For best reliability:

  • Keep maxConcurrency at 1 or 2 for detail runs.
  • Use videoUrls when you already know specific Shorts; this skips listing pages and can avoid browser startup.
  • Use Apify Proxy or a stable custom proxy.
  • Increase memory for larger runs or higher concurrency.
  • Use includeChannelDetails: false when you still need video metrics but do not need creator profile enrichment.
  • Use includeChannelDetails: true when creator profile metadata matters; it first uses cached HTTP profile requests and only needs browser fallback for harder pages.
  • Use fallbackToBrowser: true when you need slower browser recovery for missing important fields such as commentCount.
  • Use needVideoDetails: false only when you need quick title, URL, thumbnail, and listing view data.

For development checks, the local enriched smoke scripts validate important fields such as viewCount, viewCountText, author, publish date, channel ID, and channel URL before a build is published.

Data Quality Notes

YouTube changes page markup and does not expose every field for every video or channel. When a value is unavailable, the Actor returns null or N/A instead of guessing. detailStatus explains whether the Actor successfully enriched the row; partial means the listing row was kept but HTTP detail enrichment did not recover every requested detail and browser fallback was disabled.

FAQ

Can I scrape by channel name?

Yes. Inputs like youtube, @youtube, and https://www.youtube.com/@youtube/shorts are normalized to the channel Shorts page.

Can I scrape hashtags?

Yes. Enter hashtags with or without #. If both hashtag and channel are provided, hashtags take precedence.

Can I scrape one specific Short?

Yes. Use videoUrls with one or more direct Shorts URLs. This skips listing extraction and goes straight to detail enrichment.

Why are some fields null?

Some values are not exposed by YouTube for every Short or channel. The Actor enriches aggressively by default, but it does not fabricate missing data.

Why does a run take longer with details enabled?

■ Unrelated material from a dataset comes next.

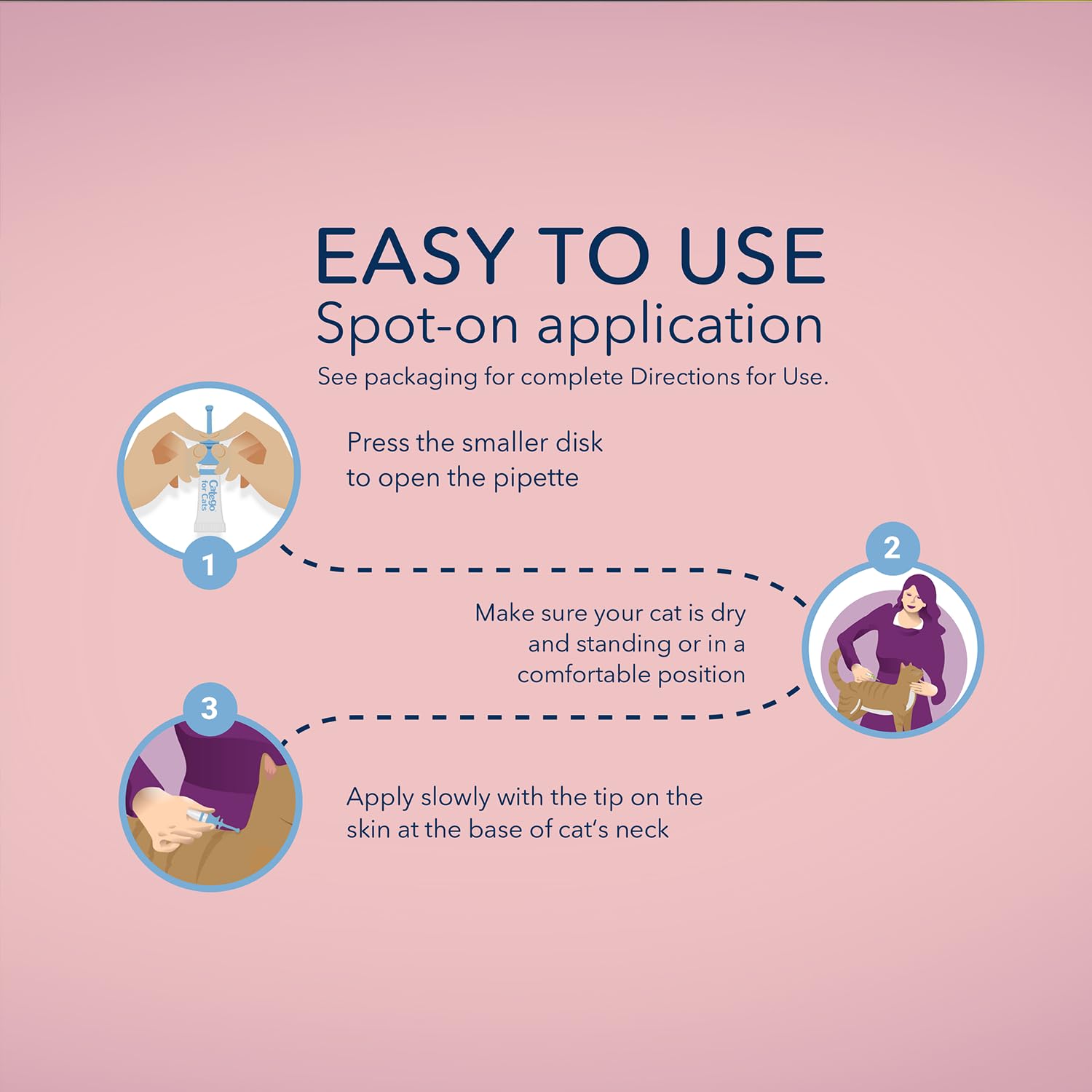 | directions | HOW TO APPLY: 1. Ensure your cat is dry before applying the product, and ensure your cat remains dry for 24 hours after application. The cat should be standing or in a comfortable position for easy application. 2. Remove the tube from the package. 3. Holding the tube upright, pointing away from you and your cat’s face, place your thumb and index finger around the applicator tip above the small disk. With the other hand, grasp the stem of the applicator tip under the large disk. Press down firmly on the small disk until both disks meet, piercing the seal. 4. Part the hair down to the level of the skin and slowly apply the product at the base of the cat or kitten’s head until the tube is completely empty. Avoid superficial application to the cat’s hair. Do not get the product in your cat’s eyes or mouth. 5. Discard the empty tube as outlined in the Storage and Disposal section. 6. Repeat every month. 7. For optimal treatment, control and prevention of adult fleas, flea eggs, flea larvae ticks and chewing lice, year-round monthly application is recommended. Read the package insert for complete product information. |

The Actor first tries lightweight HTTP extraction. It opens a browser page only when fallbackToBrowser is enabled and important detail fields are missing, or when HTTP listing/profile extraction cannot produce usable rows.

Is this an official YouTube API?

No. This Actor uses HTTP extraction and optional browser fallback to collect publicly visible YouTube Shorts data.

Support

Open an issue on the Actor page if you see a repeatable extraction problem. Include your input, run ID, and one example video URL so the issue can be reproduced.